Private Instance Methods

add_debug(node, message = "", &block) click to toggle source

Add debug event to debug array, if specified

@param [#display_path, to_s] node XML Node or string for showing context @param [String] message @yieldreturn [String] appended to message, to allow for lazy-evaulation of message

# File lib/rdf/rdfa/reader.rb, line 504
def add_debug(node, message = "", &block)
  add_processor_message(node, message, nil, &block)
end
add_error(node, message, process_class = RDF::RDFA.Error) click to toggle source
# File lib/rdf/rdfa/reader.rb, line 516
def add_error(node, message, process_class = RDF::RDFA.Error)
  add_processor_message(node, message, process_class)
end
add_info(node, message, process_class = RDF::RDFA.Info, &block) click to toggle source
# File lib/rdf/rdfa/reader.rb, line 508
def add_info(node, message, process_class = RDF::RDFA.Info, &block)
  add_processor_message(node, message, process_class, &block)
end
add_processor_message(node, message, process_class, &block) click to toggle source
# File lib/rdf/rdfa/reader.rb, line 520
def add_processor_message(node, message, process_class, &block)
  case process_class
  when RDF::RDFA.Error    then log_error(node_path(node), message, &block)
  when RDF::RDFA.Warning  then log_warn(node_path(node), message, &block)
  when RDF::RDFA.Info     then log_info(node_path(node), message, &block)
  else                         log_debug(node_path(node), message, &block)
  end
  process_class ||= RDF::RDFA.Info
  if @options[:processor_callback] || @options[:rdfagraph].include?(:processor)
    n = RDF::Node.new
    processor_statements = [
      RDF::Statement.new(n, RDF["type"], process_class, graph_name: RDF::RDFA.ProcessorGraph),
      RDF::Statement.new(n, RDF::URI("http://purl.org/dc/terms/description"), message, graph_name: RDF::RDFA.ProcessorGraph),
      RDF::Statement.new(n, RDF::URI("http://purl.org/dc/terms/date"), RDF::Literal::Date.new(DateTime.now), graph_name: RDF::RDFA.ProcessorGraph)
    ]
    processor_statements << RDF::Statement.new(n, RDF::RDFA.context, base_uri, graph_name: RDF::RDFA.ProcessorGraph) if base_uri
    if node.respond_to?(:path)
      nc = RDF::Node.new
      processor_statements += [
        RDF::Statement.new(n, RDF::RDFA.context, nc, graph_name: RDF::RDFA.ProcessorGraph),
        RDF::Statement.new(nc, RDF["type"], RDF::PTR.XPathPointer, graph_name: RDF::RDFA.ProcessorGraph),
        RDF::Statement.new(nc, RDF::PTR.expression, node.path, graph_name: RDF::RDFA.ProcessorGraph)
      ]
    end

    @repository.insert(*processor_statements)
    if cb = @options[:processor_callback]
      processor_statements.each {|s| cb.call(s)}
    end
  end
end
add_triple(node, subject, predicate, object, graph_name = nil) click to toggle source

add a statement, object can be literal or URI or bnode Yields {RDF::Statement} to the saved callback

@param [#display_path, to_s] node XML Node or string for showing context @param [RDF::Resource] subject the subject of the statement @param [RDF::URI] predicate the predicate of the statement @param [RDF::Value] object the object of the statement @param [RDF::Value] graph_name the graph name of the statement @raise [RDF::ReaderError] Checks parameter types and raises if they are incorrect if parsing mode is validate.

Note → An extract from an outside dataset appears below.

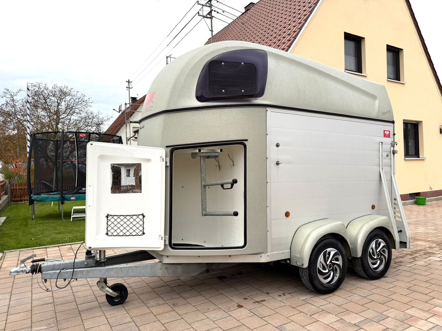 - Sattelkammer abschließbar mit herausziehbaren Sattelhaltern, Innenbeleuchtung, Staufach, Trensenhalter

# File lib/rdf/rdfa/reader.rb, line 562
def add_triple(node, subject, predicate, object, graph_name = nil)
  statement = RDF::Statement.new(subject, predicate, object)
  add_error(node, "statement #{RDF::NTriples.serialize(statement)} is invalid") unless statement.valid?
  if subject && predicate && object # Basic sanity checking
    add_info(node, "statement: #{RDF::NTriples.serialize(statement)}")
    repository << statement
  end
end
add_warning(node, message, process_class = RDF::RDFA.Warning) click to toggle source
# File lib/rdf/rdfa/reader.rb, line 512
def add_warning(node, message, process_class = RDF::RDFA.Warning)
  add_processor_message(node, message, process_class)
end
bnode(value = nil) click to toggle source

Keep track of allocated BNodes

# File lib/rdf/rdfa/reader.rb, line 489
def bnode(value = nil)
  @bnode_cache ||= {}
  @bnode_cache[value.to_s] ||= RDF::Node.new(value)
end
curie_to_resource_or_bnode(element, curie, uri_mappings, subject, restrictions) click to toggle source

From section 6. CURIE Syntax Definition

# File lib/rdf/rdfa/reader.rb, line 1468
def curie_to_resource_or_bnode(element, curie, uri_mappings, subject, restrictions)
  # URI mappings for CURIEs default to XHV, rather than the default doc namespace
  prefix, reference = curie.to_s.split(":", 2)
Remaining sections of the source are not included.